==== GIVEN DATA ====

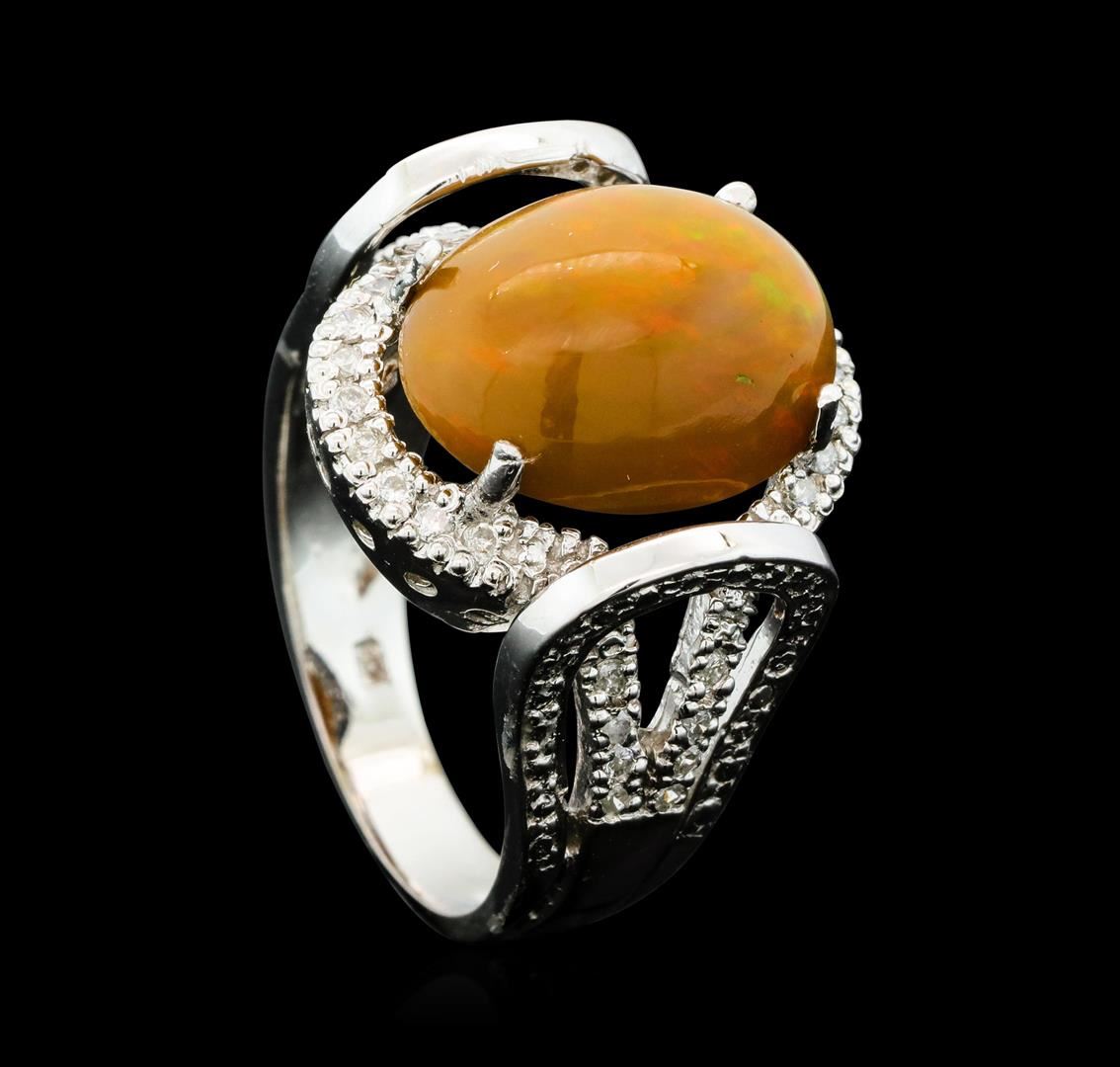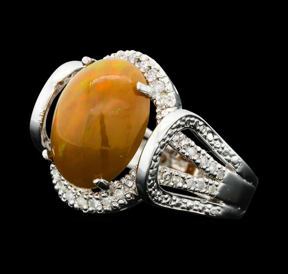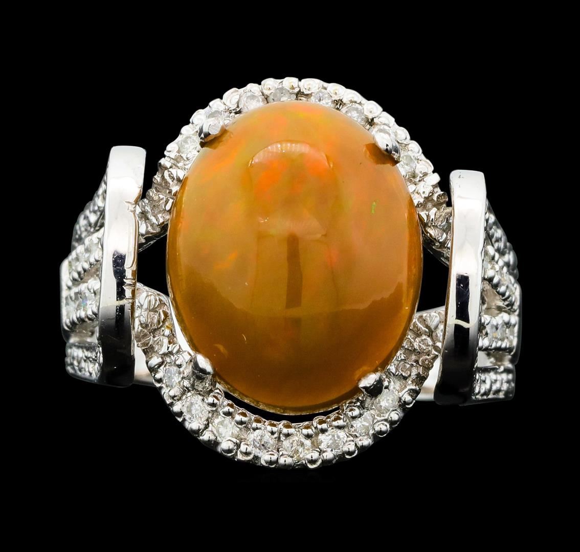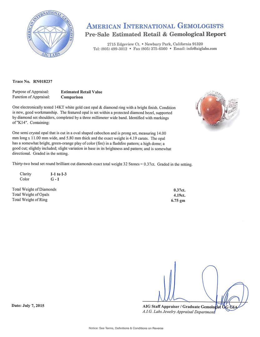 One electronically tested 14KT white gold cast opal & diamond ring with a bright finish. The featured opal is set within a protected diamond bezel, supported by diamond set shoulders, completed by a three millimeter wide band. Identified with markings of "K14". Condition is new, good workmanship. Containing: One semi crystal opal that is cut in a oval shaped cabochon and is prong set, measuring 14.00 mm long x 11.00 mm wide, and 5.80 mm thick and the exact weight is 4.19 carats. The opal has a somewhat bright, green-orange play of color (fire) in a flashfire pattern; a high dome; a good cut; slightly included; slight variation in base in its brightness and pattern; and is somewhat directional. Graded in the setting. Thirty-Two bead set round brilliant cut diamonds exact total weight 32 Stones = 0.37ct. Graded in the setting. Clarity: I-1 to I-3. Color: G - I. Total Weight of Diamonds 0.37ct. Total Weight of Opals 4.19ct. Total Weight of Ring 6.75gm. AIG Appraised.
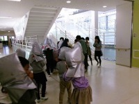 今日の避難訓練は、火災が起きた想定での訓練でした。火災が起きると火の手が上がるより前に、煙がたくさんでることがあります。新しい校舎では、燃えにくい素材がたくんさあるぶん、煙がたくさんでることが想定されます。
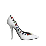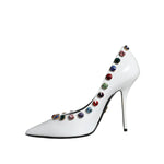 Dolce & Gabbana White Crystal Leather High Heels Pumps Shoes
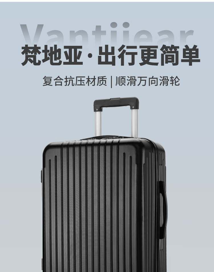 梵地亚(Vantiiear)行李箱男24英寸万向轮拉杆箱大容量旅行箱飞机女密码箱皮箱子黑色
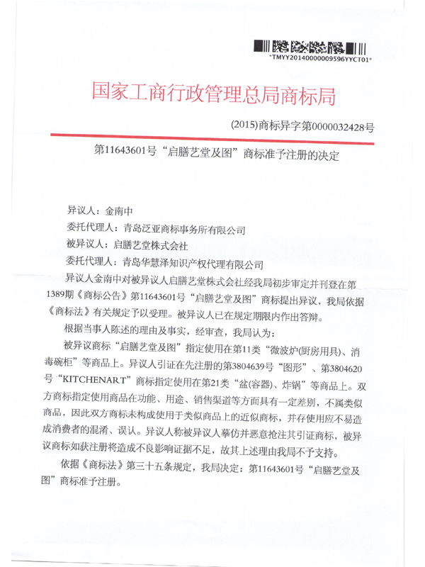 成功代理第11643601號“啟膳藝堂及圖”商標異議答辯案
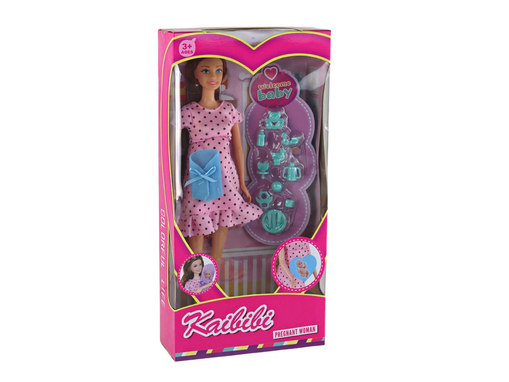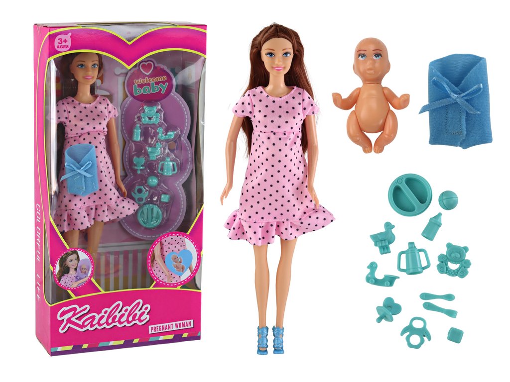 Fascinující těhotná panenka, která potěší malé milovníky kreativní hry a péče. Panenka má hnědé vlasy a modré oči, které dodávají její elegantnímu vzhledu dojemnost. Nosí růžové šaty s černými puntíky a modré lodičky na podpatku, čímž tvoří stylový look.
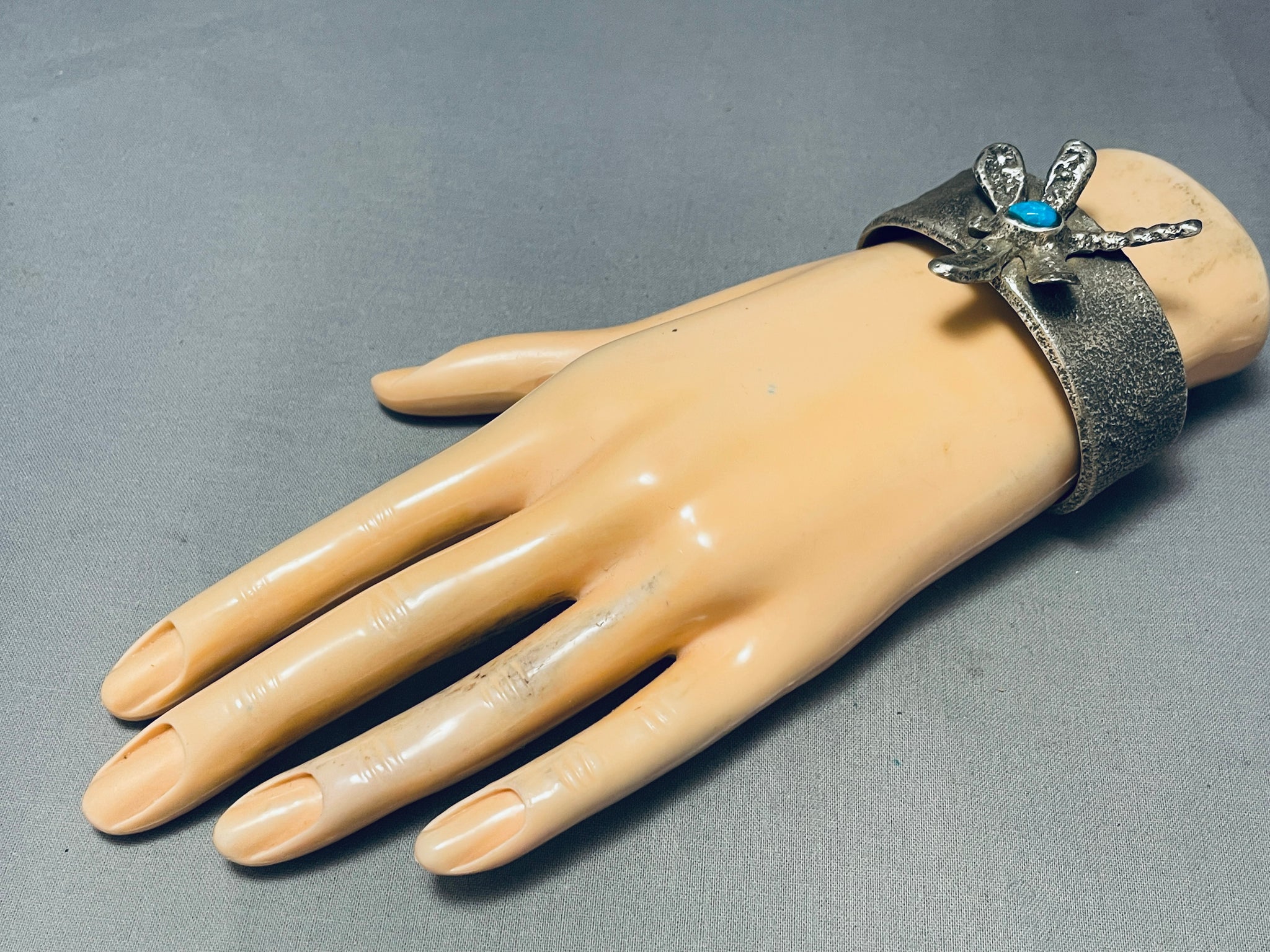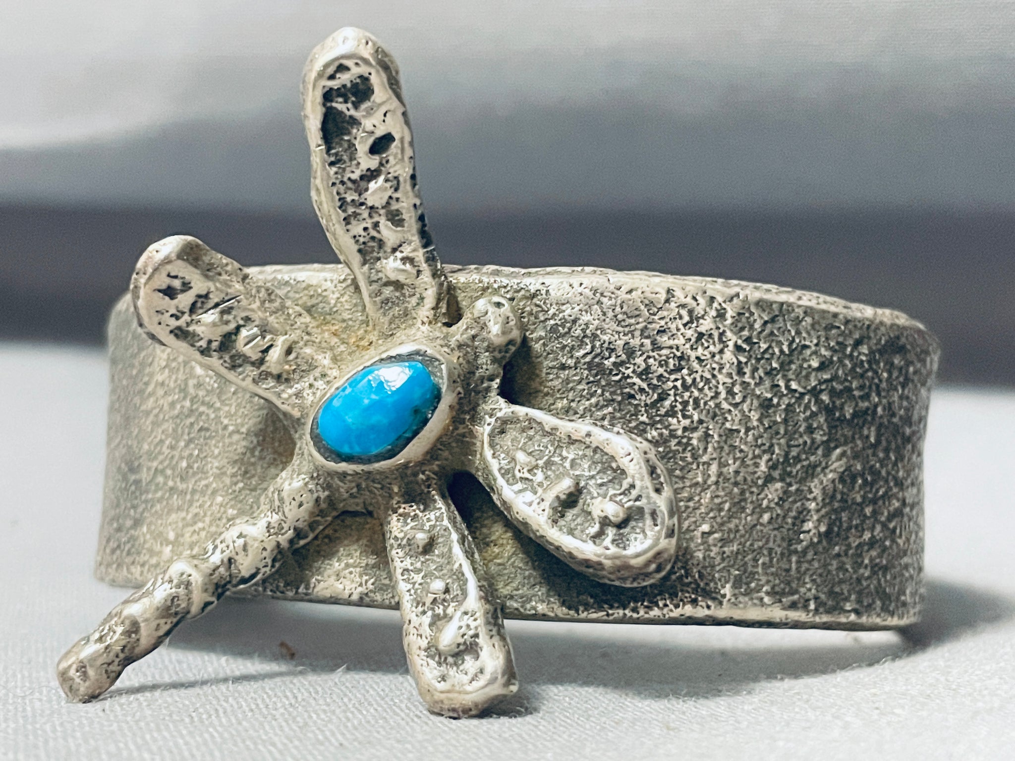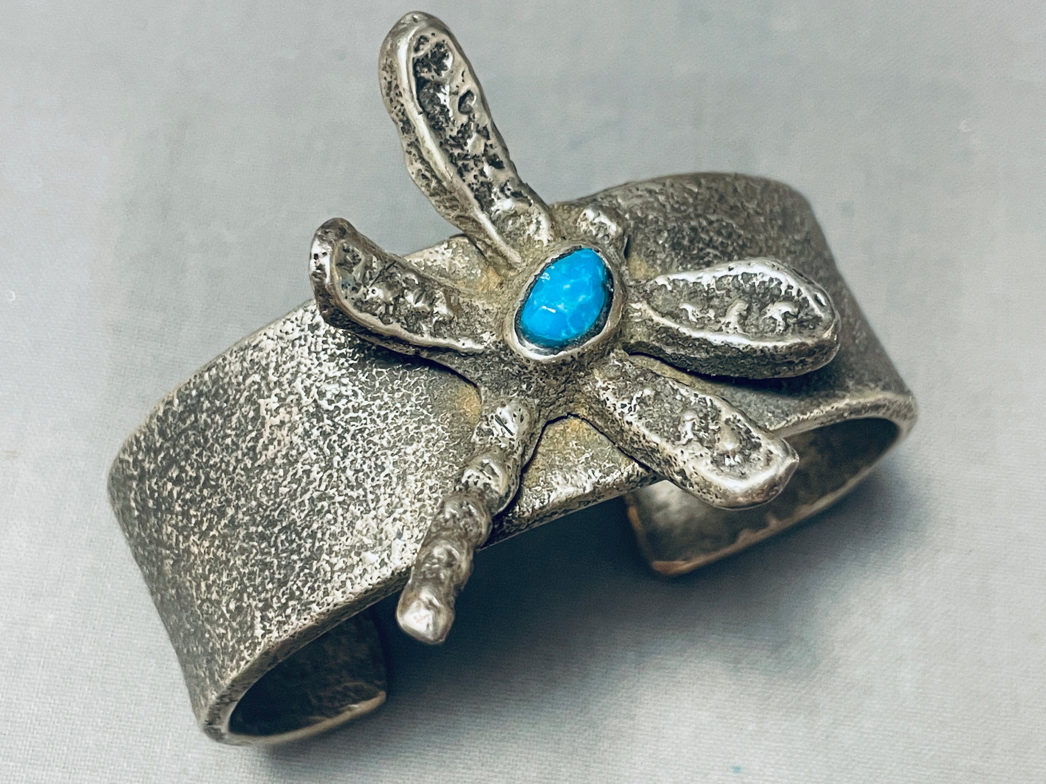 Heavy 87 Gram Vintage Native American Navajo Turquoise Sterling Silver Dragonfly Bracelet
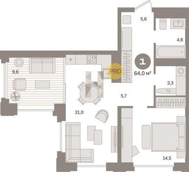 Площадь от 35.4 м2
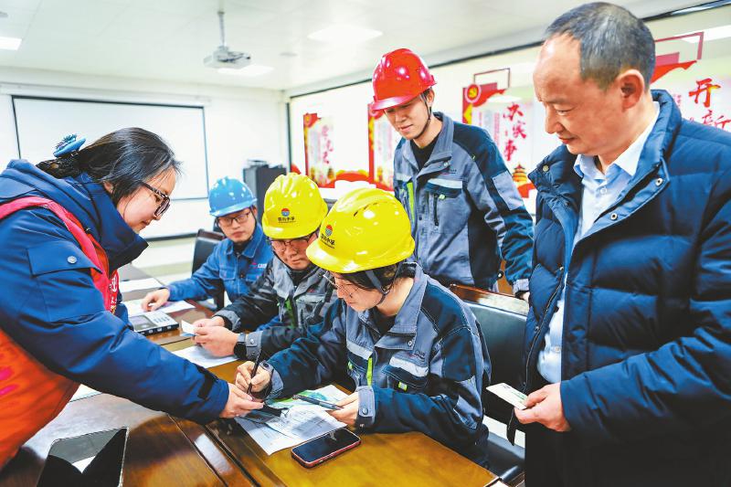 农行广元分行党员突击队进厂服务,为一线工人集中开立养老金账户、办理社保医保码及银行卡。
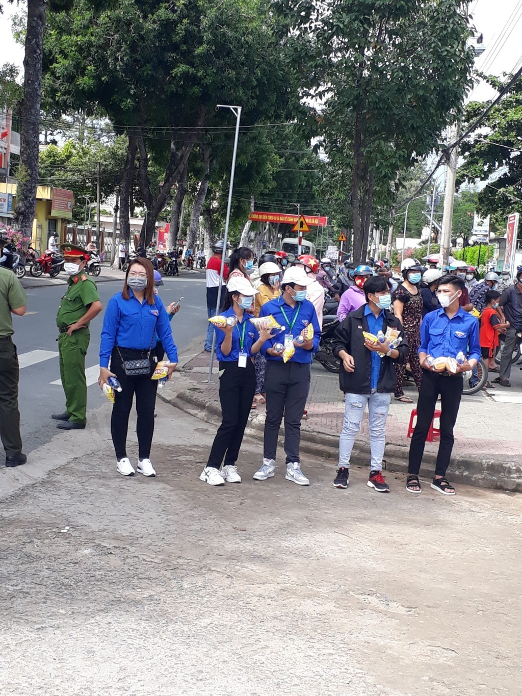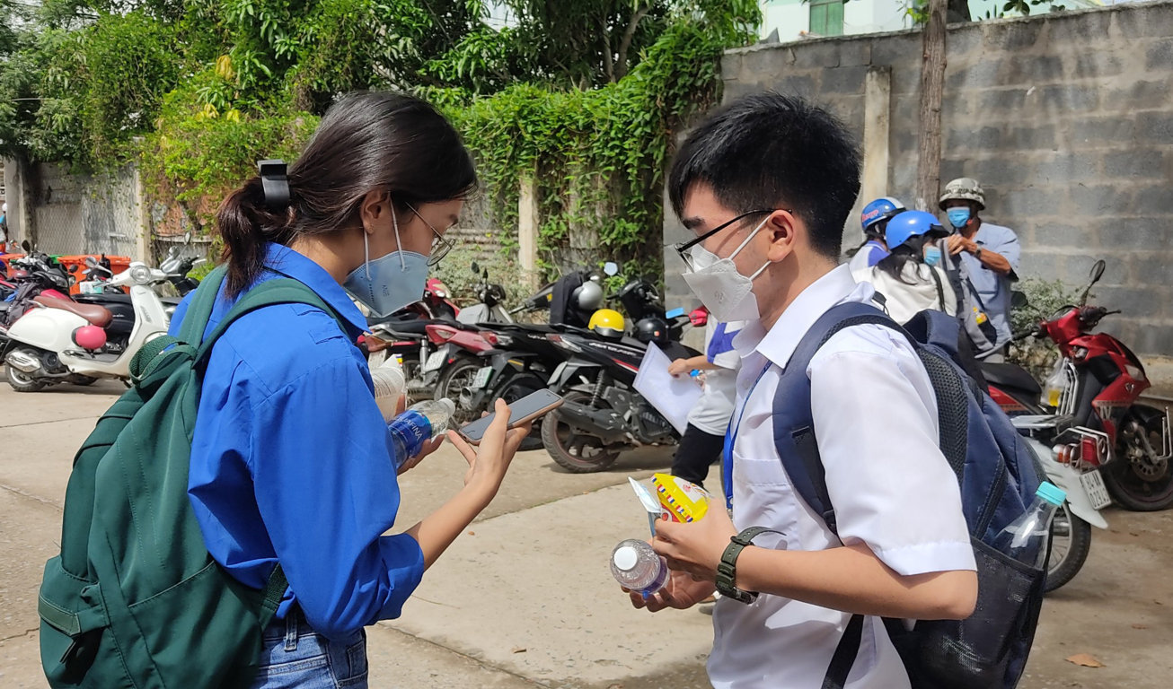 Các tình nguyện viên phát nước, bánh mì miễn phí cho thí sinh
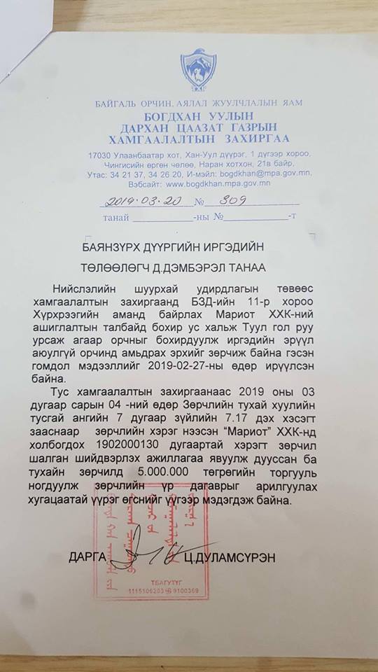 Туул гол руу бохир нь цутгаж, агаар болон орчныг бохирдуулсан гэх асуудалд холбогдох байгууллагуудаас 5 сая төгрөгийн торгууль тавьж, зөрчлөө арилгахыг үүрэгджээ. 3-4 тэрбум төгрөгөөр зарагдсан уг хотхонд 53 айл амьдардаг аж.

====

[TASK INSTRUCTIONS]
Retype each line above precisely, please. Skip anything that is a picture.

[RESPONSE FOR THIS EXERCISE]
 One electronically tested 14KT white gold cast opal & diamond ring with a bright finish. The featured opal is set within a protected diamond bezel, supported by diamond set shoulders, completed by a three millimeter wide band. Identified with markings of "K14". Condition is new, good workmanship. Containing: One semi crystal opal that is cut in a oval shaped cabochon and is prong set, measuring 14.00 mm long x 11.00 mm wide, and 5.80 mm thick and the exact weight is 4.19 carats. The opal has a somewhat bright, green-orange play of color (fire) in a flashfire pattern; a high dome; a good cut; slightly included; slight variation in base in its brightness and pattern; and is somewhat directional. Graded in the setting. Thirty-Two bead set round brilliant cut diamonds exact total weight 32 Stones = 0.37ct. Graded in the setting. Clarity: I-1 to I-3. Color: G - I. Total Weight of Diamonds 0.37ct. Total Weight of Opals 4.19ct. Total Weight of Ring 6.75gm. AIG Appraised.
 今日の避難訓練は、火災が起きた想定での訓練でした。火災が起きると火の手が上がるより前に、煙がたくさんでることがあります。新しい校舎では、燃えにくい素材がたくんさあるぶん、煙がたくさんでることが想定されます。
 Dolce & Gabbana White Crystal Leather High Heels Pumps Shoes
 梵地亚(Vantiiear)行李箱男24英寸万向轮拉杆箱大容量旅行箱飞机女密码箱皮箱子黑色
 成功代理第11643601號“啟膳藝堂及圖”商標異議答辯案
 Fascinující těhotná panenka, která potěší malé milovníky kreativní hry a péče. Panenka má hnědé vlasy a modré oči, které dodávají její elegantnímu vzhledu dojemnost. Nosí růžové šaty s černými puntíky a modré lodičky na podpatku, čímž tvoří stylový look.
 Heavy 87 Gram Vintage Native American Navajo Turquoise Sterling Silver Dragonfly Bracelet
 Площадь от 35.4 м2
 农行广元分行党员突击队进厂服务,为一线工人集中开立养老金账户、办理社保医保码及银行卡。
 Các tình nguyện viên phát nước, bánh mì miễn phí cho thí sinh
 Туул гол руу бохир нь цутгаж, агаар болон орчныг бохирдуулсан гэх асуудалд холбогдох байгууллагуудаас 5 сая төгрөгийн торгууль тавьж, зөрчлөө арилгахыг үүрэгджээ. 3-4 тэрбум төгрөгөөр зарагдсан уг хотхонд 53 айл амьдардаг аж.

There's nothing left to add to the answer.